Гусары тоже не стали отговаривать. Просто молча кивнули. Ржевский хотел что-то сказать, но лишь сжал мою руку в знак солидарности.
Я решил уйти тихо, не прощаясь с хозяевами. Просто вышел через боковой вход, вскочил на лошадь и направился к дому Антонины Митрофановны.
Дорога показалась бесконечной. Город спал. В окнах домов горели редкие огоньки. Я смотрел на проплывающие мимо тёмные улицы, ощущая давящую тяжесть предстоящего утра. Шесть дуэлей… Даже с теми навыками владения саблей, которые достались мне от настоящего графа, это был огромный риск. Один промах, одна усталость, одно неверное движение… и всё будет кончено.
В доме было темно и тихо. Только в окне кухни светился тусклый огонёк лампады.
Не успел я сделать и шага к крыльцу, как из тени вынырнул Захар. Старик выглядел встревоженным, его лицо в лунном свете казалось ещё более морщинистым и печальным.
— Батюшка… Петр Алексеевич… — прошептал он, вглядываясь в мою уставшую физиономию. — Что случилось?

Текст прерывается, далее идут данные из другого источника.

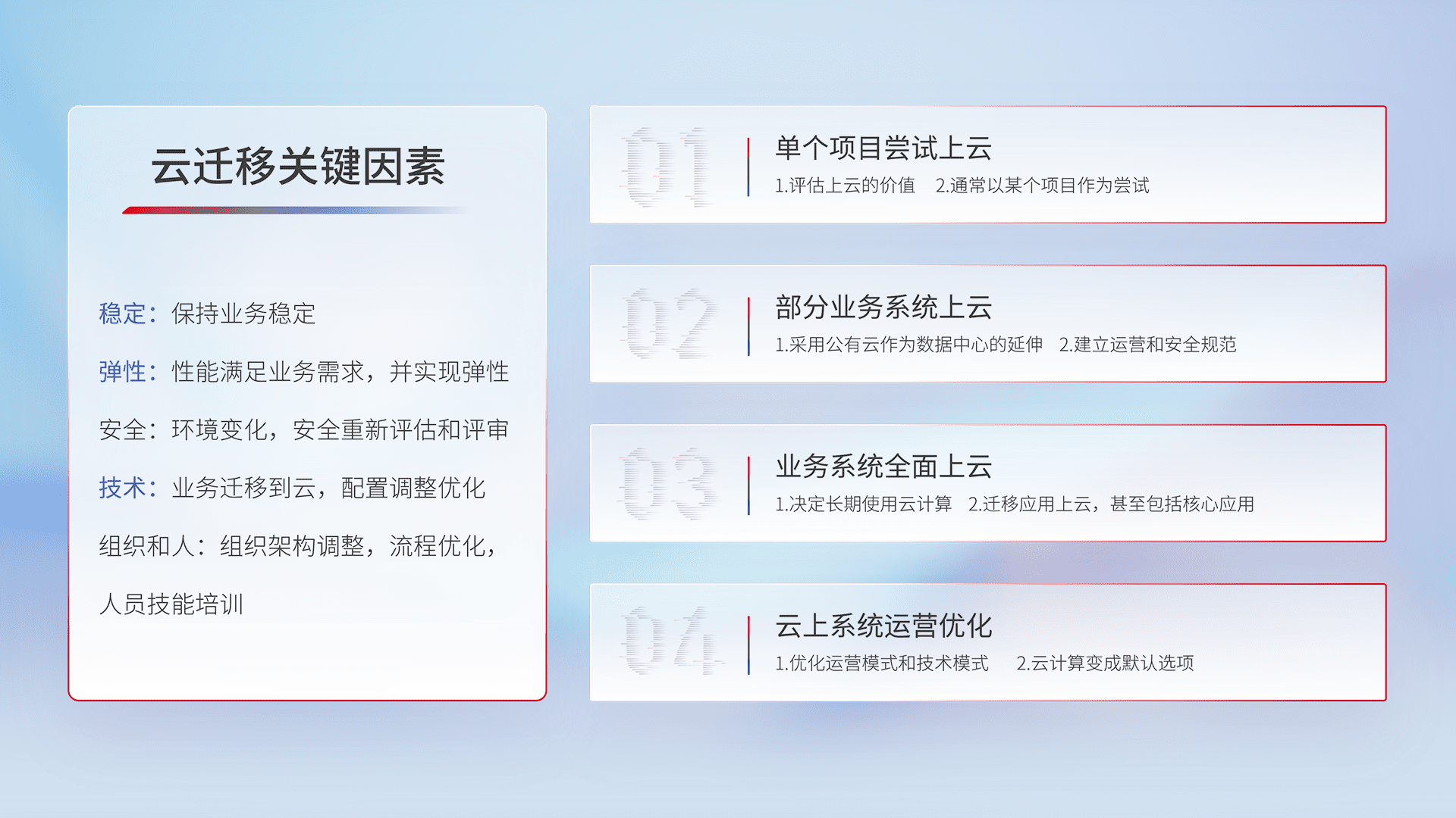 结合实际业务,,,从规划设计、、云平台选型、、、、云原生改造、、、、数据迁移、、、集成交付,,,迁移全过程为客户识别最佳上云路径,,,,做好风险识别管理,,,,设计网络架构、、、、身份权限、、、、安全审计合规、、、、操作审计、、、、日志审计、、、监控告警策略、、、多站点容灾设计等,,,,对云上基础设施进行整体规划,,提升IT治理水平,,以满足弹性、、、高可用、、、高性能的需求。。
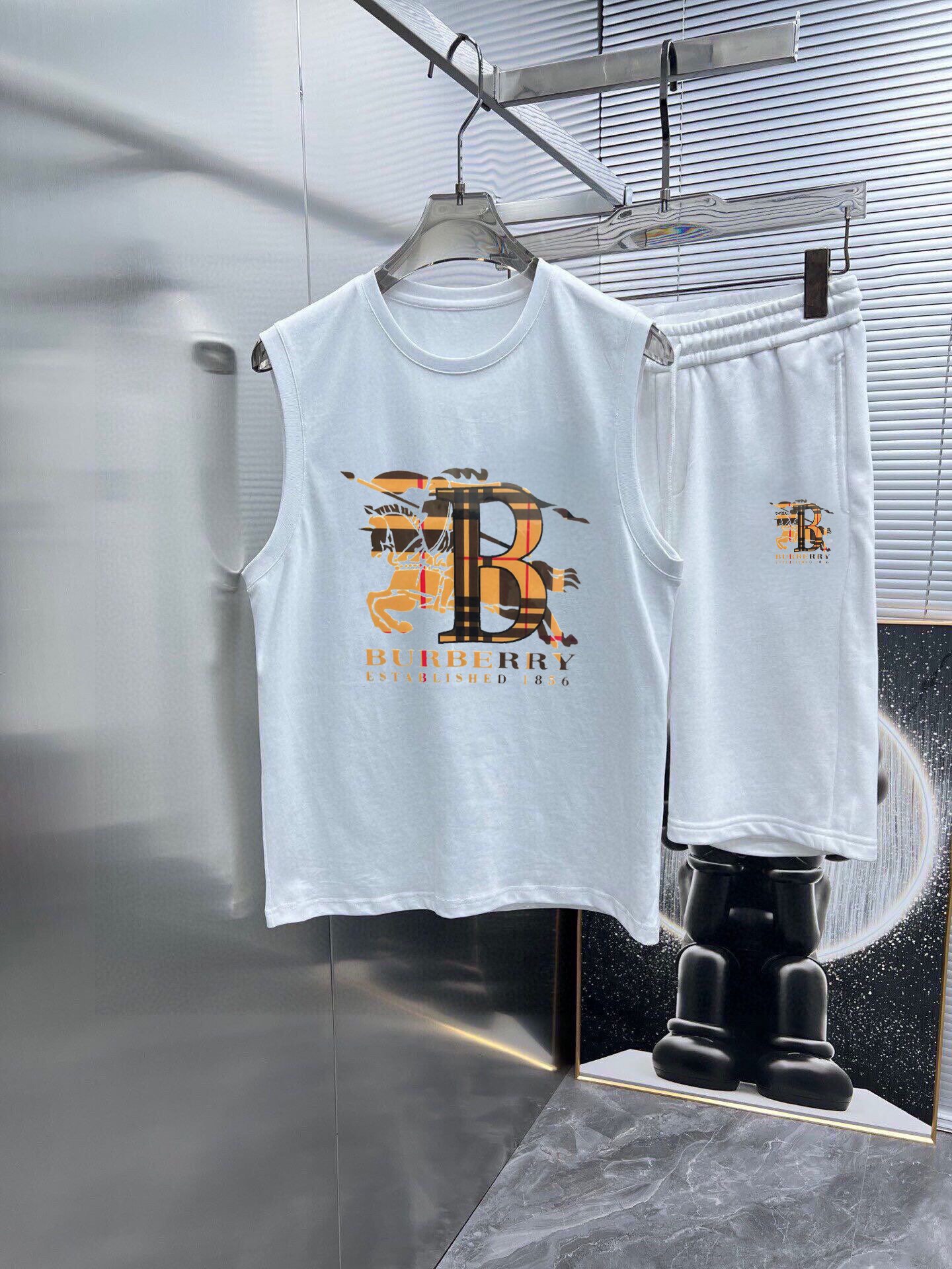 BURBERRY 2025 spring/summer vest set. Classic minimalist design, customizable mercerized cotton fabric, breathable and comfortable. Features iconic logo, luxurious fashion craftsmanship. Sizes M-3XL.
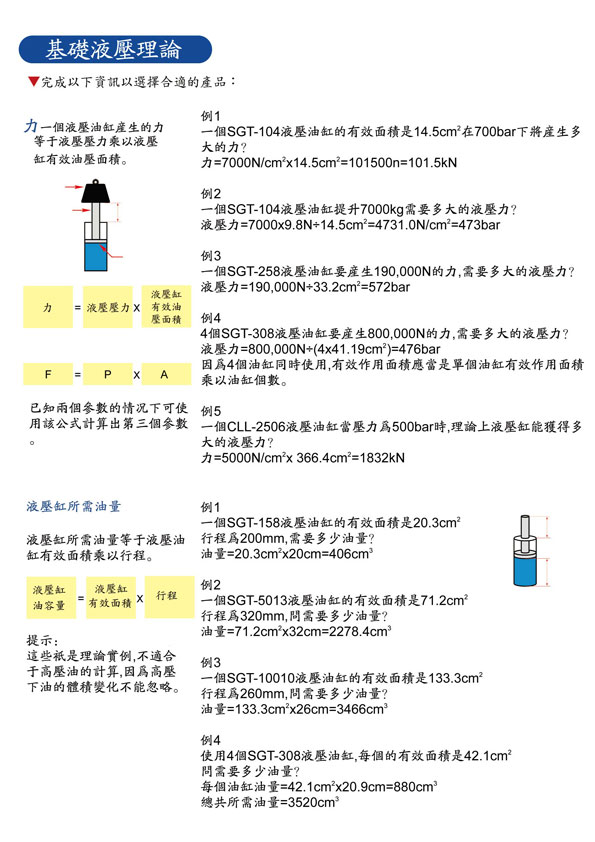 液压常识及產品选用表

Вижу, неспроста вы с бала-то вернулись… Раньше всех. И лицо…
Я лишь улыбнулся в ответ.
— Всё в порядке, Захар. Просто…немного утомился. От света, от шума, от глупых людей. — Я снял кивер, почувствовав, как ночная прохлада приятно холодит разгорячённый лоб. — Сделай мне одолжение. Затопи баньку.
— Сейчас? Ночью? — удивился старик, но в его глазах тут же мелькнуло понимание. Он знал своего барина. Поход в баню ночью — это не просто мытьё. Это ритуал очищения. Перед боем. Перед дорогой. Перед чем-то важным и опасным.
— Да, Захар. Сейчас. И чтобы парок был лёгкий. И веник берёзовый. — Я потянулся, чувствуя, как ноют мышцы спины от танцев и напряжения. — Надо… помыться. На всякий случай.
Сарказм в моих словах был горьким: «На всякий случай»… На случай, если завтра у Каменной Балки меня не просто ранят, а убьют. Чтобы предстать перед кем там надо… или перед небытием… чистым.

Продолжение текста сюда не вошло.